Seeing the industry is evolving towards a slacker-is-better design philosophy with longer travel figures to match, it's a bit surprising that Yeti has embraced the snappy acceleration, spirited handling, and climbing prowess of a short-travel 29er in the making of their newest SB100. If you've been a faithful rider of Yeti for some time, you'll know that a short-travel 29er isn't unprecedented in their line, seeing the previous ASR Carbon occupied this same genre, offering cross-country racers the efficiency to blow the doors off the competition, but with a rowdy alter ego that made it far more capable than its limited travel figures would suggest. As such, you'll find Yeti created the SB100 Turq XO1 Eagle Race Complete Bike to fill the void left by the previous ASR Carbon, but with updated geometry figures to make it far more confident over technical sections of trail, plus a compact version of their Switch Infinity suspension platform with 100 millimeters of highly efficient travel that excels on climbs and across long distances seen in multi-stage adventure races.
We typically think of cross-country bikes as one trick ponies that barely trouble the scale which makes going uphill less of a chore but the sometimes anorexic build can be slightly unnerving and requires a good test of faith when pushed through its paces on technical descents. With the SB100, it has some pretty good lineage to draw inspiration from and even though the geometry and suspension have cross country riding and racing on its mind as the intended purpose, it's hard not to notice the trail and enduro highlights that bled over from Yeti's longer travel offerings.
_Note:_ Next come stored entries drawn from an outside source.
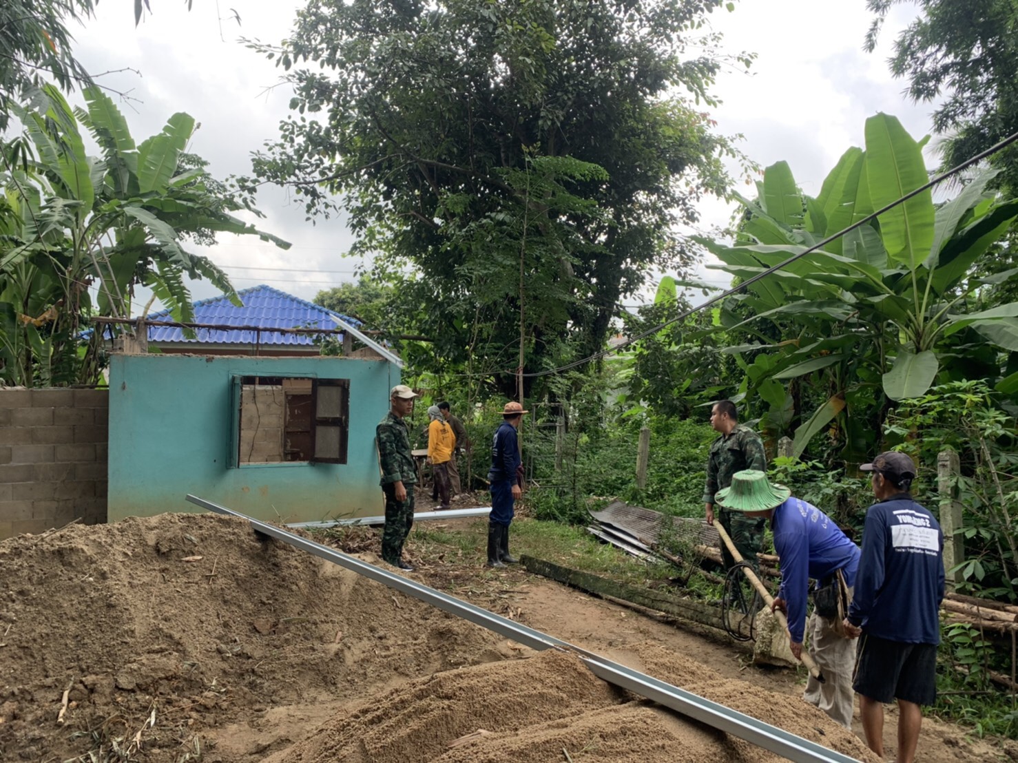 ศูนย์ปฏิบัติการบริหารการแก้ไขปัญหายาเสพติดชายแดนภาคเหนือร่วมกับผู้นำชุมชนและประชาชนจิตอาสา บ.ทรายมูล ร่วมกันก่อสร้างบ้านให้กับ นายแปลก ภิระบัน อายุ 64 ปี ราษฏร บ.ทรายมูลอ.แม่จัน จ.เชียงราย ซึ่งเป็นผู้ยากไร้มีฐานะยากจนไม่มีรายได้ที่แน่นอนอาศัยหาของป่าและเบี้ยเลี้ยงยังชีพผู้สูงอายุเพื่อเลี้ยงครอบครัว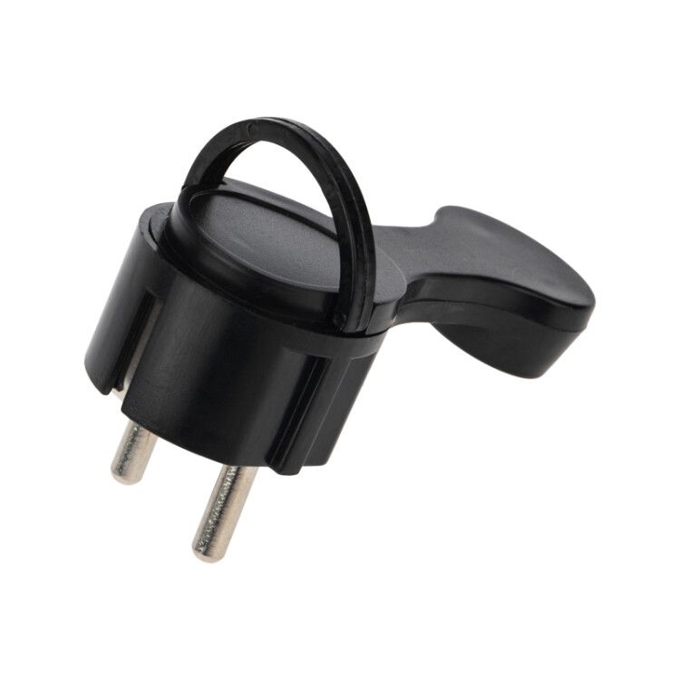 Вилка евро угловая с заземляющим контактом 16 А плоская для установки за шкаф черного цвета совместима со всеми типами евровилок и розеток стандарта CEE 7/7 (Schuko). Для монтажа требуется зачистить концы провода на 8–10 мм и затянуть винты зажимов. Обязательно соблюдать полярность: фаза (коричневый/красный провод) - к контакту L, ноль (синий/чёрный) - к N, заземление (зелёно-жёлтый) - к контакту с символом ⏚. После сборки проверьте надёжность крепления жил - слабый контакт вызывает перегрев. Максимальная площадь сечения провода - 2,5 мм2; более толстые жилы не войдут в зажимы.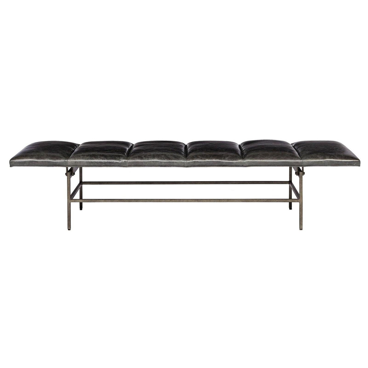 - Al combinar un asiento de cuero con mechones capitoné con una base de acero minimalista, este banco aporta un atractivo industrial sofisticado.

The Switch Infinity platform, utilized on all Yetis all the way up to the EWS-winning SB6, has been redesigned specifically for 100mm of travel on this model. It’s light, and tucks behind the seat tube, sitting in its own compartment out of the way of wheel spray and errant trail debris. This design also allows the front triangle to accommodate a very large water bottle, the first we've seen from a Switch Infinity bike. We feel like this a move in the right direction even if it does come with a few added grams over the ASR's single pivot, as every Yeti we've ridden with Switch has awesome climbing efficiency without infringing on its descending prowess. Yeti gets high marks for creating a very capable 100 millimeter travel bike, with a stiff and responsive ride that rarely feels out of place, short of trails where we'd don body armor and a full-face. Beefy pivots offer incredible lateral stiffness that tracks so confidently through blown out washboard trails and minefields that, in the back of our minds we have to remind ourselves that we are pointing and shooting on an XC bike. The Switch platform on this frameset operates in the same manner as on Yeti's other bikes—meaning supple off the top while transitioning into excellent mid-stroke support before ramping up as you test all 100 millimeters on offer. Pair this action with the silky-smooth FOX DPS Factory shock and you'll swear that the rear end is packing more travel.
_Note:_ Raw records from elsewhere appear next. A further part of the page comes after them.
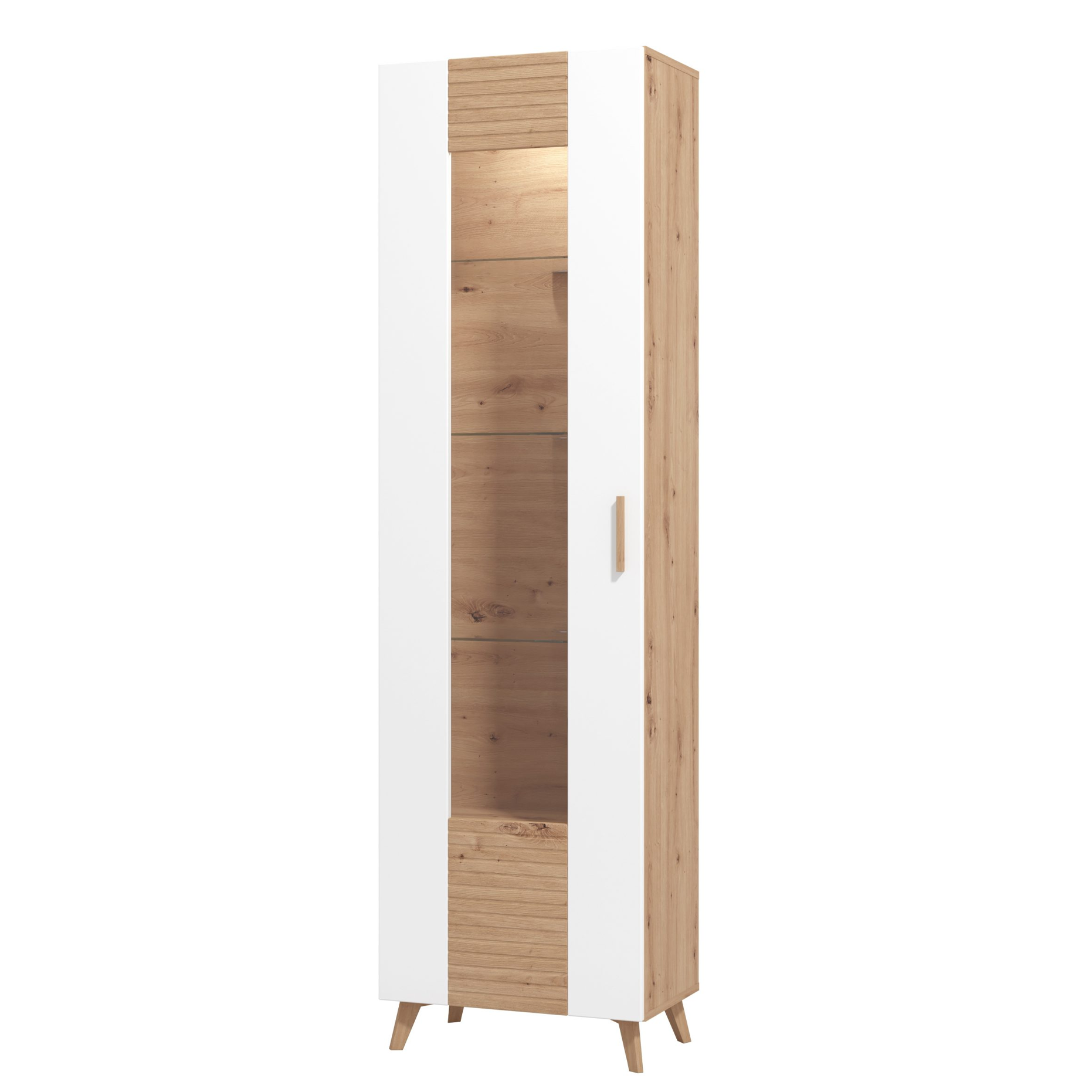 Ekspozitor me dizajn elegant që kombinon ngjyrën e bardhë me efektin natyral të drurit, duke krijuar një pamje të ngrohtë dhe bashkëkohore. Pjesa me xham lejon ekspozimin e objekteve dekorative, librave apo aksesorëve, ndërsa ndriçimi i brendshëm shton një prekje sofistikuar në ambient. Forma e ngushtë dhe e lartë e bën ideale edhe për hapësira të kufizuara.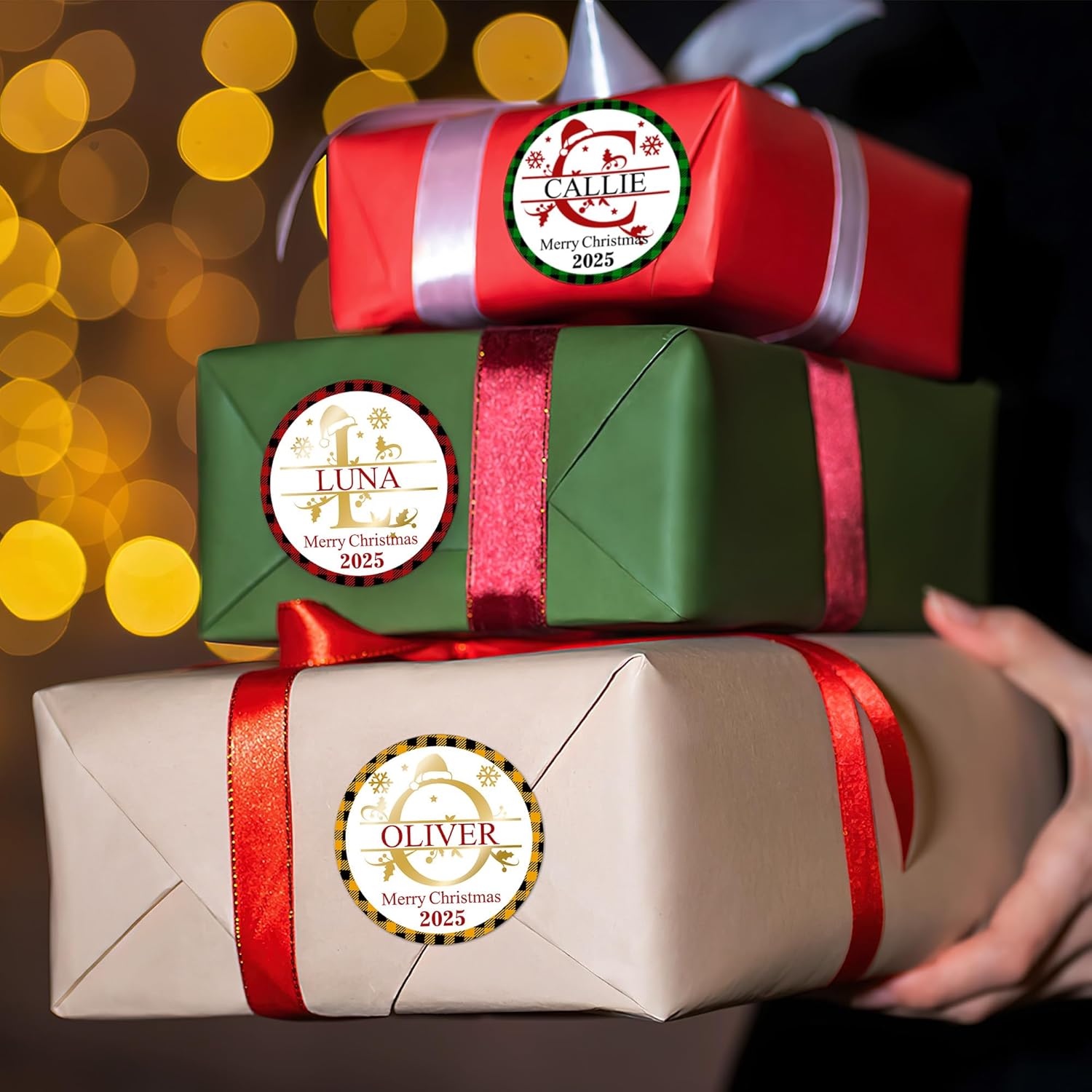CALLIE Personalized Christmas Stickers with Custom Name, Waterproof Custom Christmas Name Tags Stickers, Peel and Stick Christmas Gift Tags (Christmas Monogram)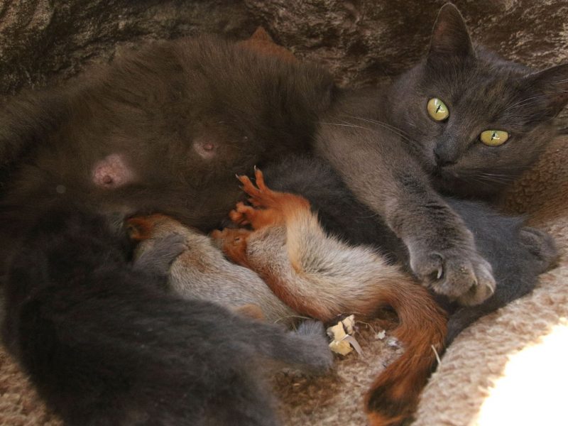 Gata ‘adota’ filhotes de esquilo na Crimeia
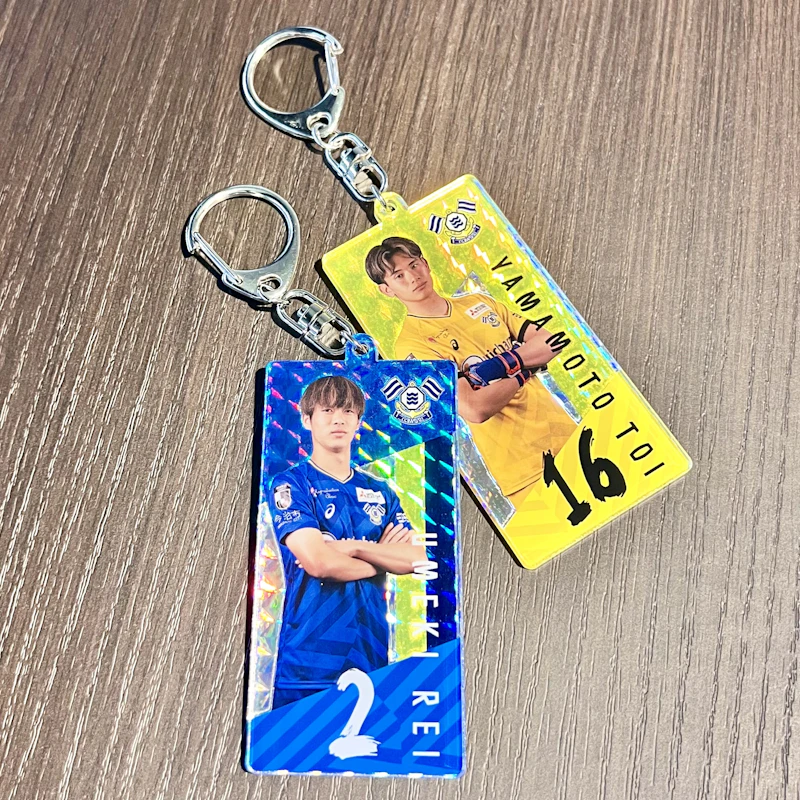 選手の名前を漢字やカタカナで表現したアクリルキーホルダー。

The brief exodus from the XC scene allowed for a few reboots and allowed Yeti to truly build a no-compromise bike that could climb and descend, not just one that was great at one and mediocre at the other. A 67.8-degree headtube angle might look more appropriate on a trail bike and on paper it would appear that it would detract from the nimble handling and quick steering XC bikes are known for. Yeti has a few tricks up its sleeve and spec'd a FOX 34 Step-Cast fork with a 44mm offset. After a bit of experimentation, Yeti found this reduction in fork rake improves your weight distribution on the bike, offering a bit more downhill stability without compromising its ability to clean tight switchbacks on climbs and negotiate around trail obstacles at slower speeds.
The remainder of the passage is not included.